Our concerns about their water use go back to 1994, when CVPOA protested the annexation of September Ranch property to the Cal-Am water district, citing water shortages for existing consumers. Despite worsening water deficits, developers are attempting to justify using other sources of water to supply 61 acre-feet per year. The claims of historical water use are questionable. They also propose to transfer water rights from a parcel two miles away, historically used for agricultural purposes; we have filed a protest with the State Water Resources Control Board on this application. Transferring water rights among parcels has negative impacts on agriculture, and our county supervisors are set to vote on an amendment to the subdivision ordinance to allow this in North County.
The EIR for September Ranch admits that the cumulative effect of this project and others already in progress will exceed traffic thresholds on CV Road. The design of the project will require two separate roads servicing the development. There is no question that traffic congestion will worsen. Even Caltrans recommends denial of this project, at least until completion of the Hatton Canyon Freeway. CVPOA has written the county planning department asking for clarification on traffic issues but has received no response.
CVPOA's position is that subdivision-based developments in Carmel Valley have gone too far. Current residents endure unreasonable and worsening traffic. Lacking an up-to-date master plan and adequate infrastructure, it is time to cease approval of these subdivisions in Carmel Valley.
Wizard Was Great!
Over the last 20 years, I've lost count of the number of times my wife and I have visited the Monterey Peninsula for a weekend, and each time, we've tried to go to at least one live local theater production. The production of The Wizard Of Oz at Carmel's Outdoor Forest Theater that we saw over Labor Day is, I think, the best live production we've ever seen in the area. My wife (when not laughing or applauding) just kept saying "This is amazing!" All involved deserve a standing ovation. It wasn't just "over the top;" It was "over the rainbow." Frank L. Baum would have been delighted.
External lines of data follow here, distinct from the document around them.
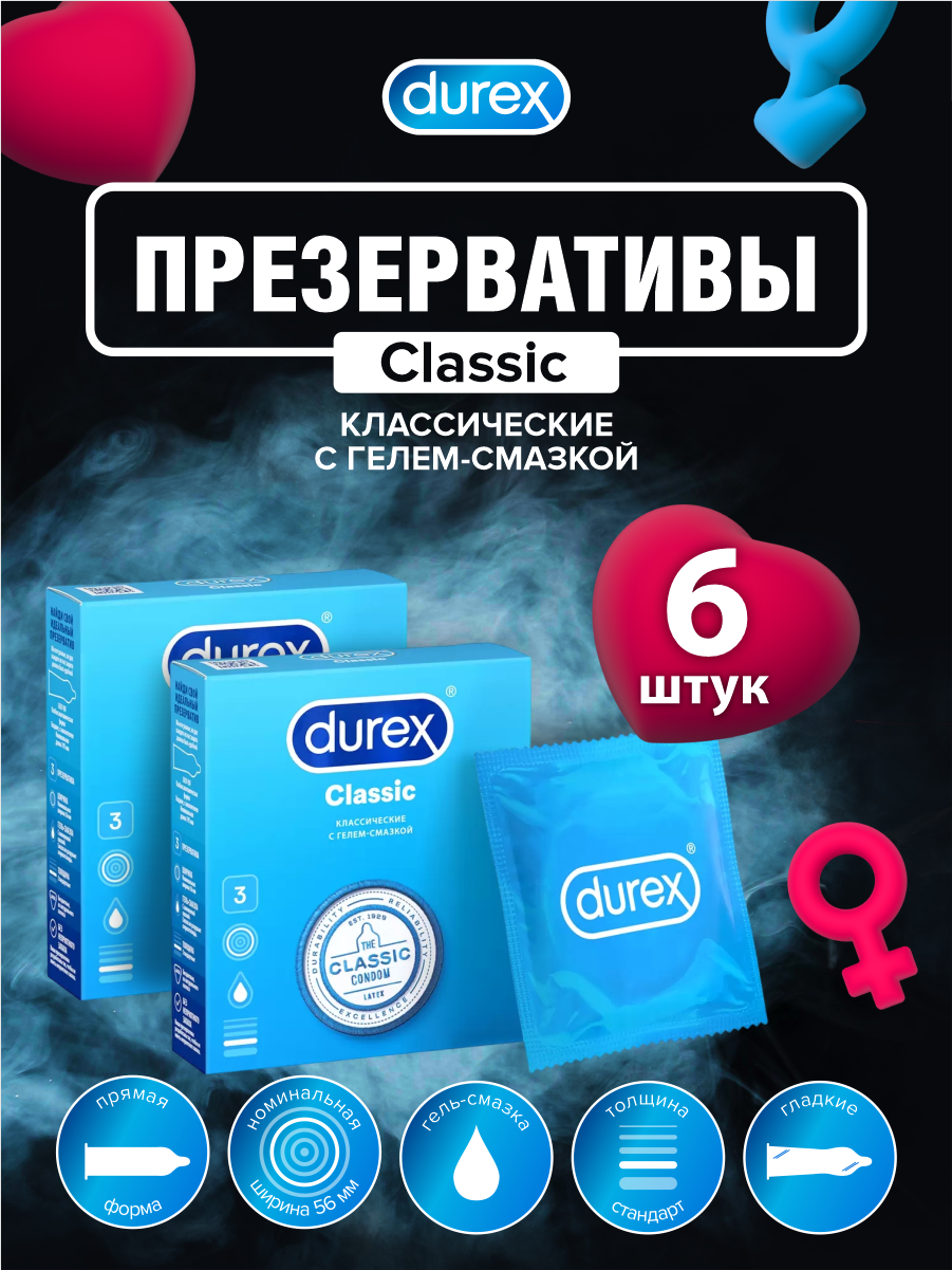 Купить Durex презервативы Classic классические с гелем-смазкой 3шт
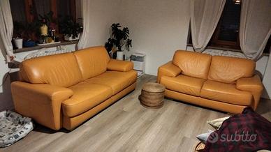 Vendo coppia di splendidi divani in vera pelle di alta qualità, color cuoio/senape caldo, perfetti per dare un tocco di stile e personalità al tuo soggiorno.
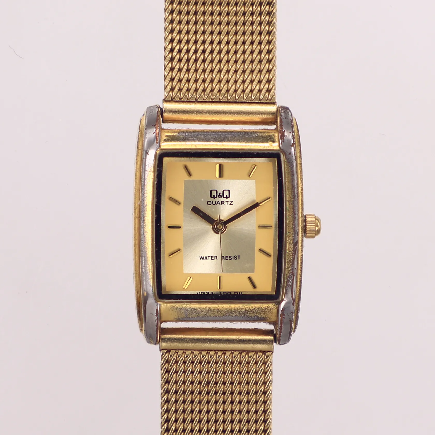 Damur Q&Q, guldfärgat stål, quartz, ca 23x20mm, minimalt nagg på glas, färgbortfall, inga tillbehör
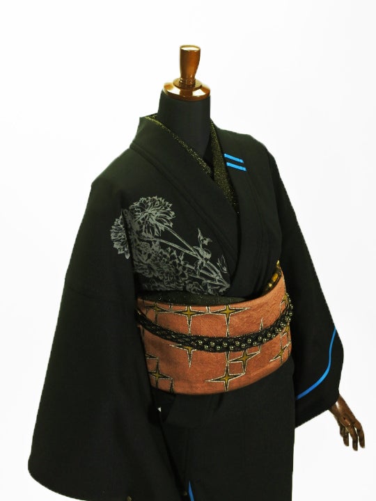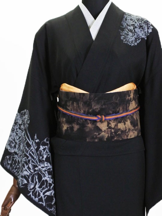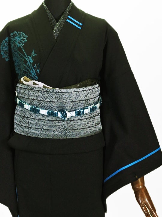 OA23-10-08帯揚げ 銀ブロックメッシュ(焦茶)

I am moving to Monterey from San Antonio, Texas next month and I have been worried about finding a place to live, what the cost of living is, and what the area is like. When I found your newspaper publication I was amazed. It is by far the most personalized newspaper I have ever seen. It has given me avenues to find a house, and to get to know the area and atmosphere long before I arrive. I just wanted to say thank you for having such a great publication, and next month you will be adding to your list of devoted readers.
Reduce Nukes Now
Surely none of us is complacent any more about nuclear dangers, especially since the explosions by India and Pakistan.
But in terms of weapons, Russia and the U.S. are the major threat to our world. That's why President Clinton's visit to Russia is very good news.
According to the New England Journal of Medicine, an accidental launch from one Russian submarine reaching even eight American cities would result in an estimated six million deaths outright and a comparable number from fallout and after effects.
An accidental launch would be more likely now than during the Cold War because Russia's command and control system has deteriorated.
The two presidents should include reducing nuclear arsenals to 1,000 or less for each, and removing the remaining hair trigger alert warheads. Let us urge them to take this action.
MARY C. ROSS
I read Scott MacClelland's "Musical Milestones" article in the Sept. 3 issue with interest. It was a good article; however, he failed to mention an important group that has been providing music here in Monterey county for years.
Hartnell College's Community Orchestra, consisting of amateur and professional musicians, is lead by Dr. Carl Christensen. Every Thursday night, the musicians come from all over the county to play together at the college. Free concerts are offered to the community throughout the year. The next concert will be on Dec. 10.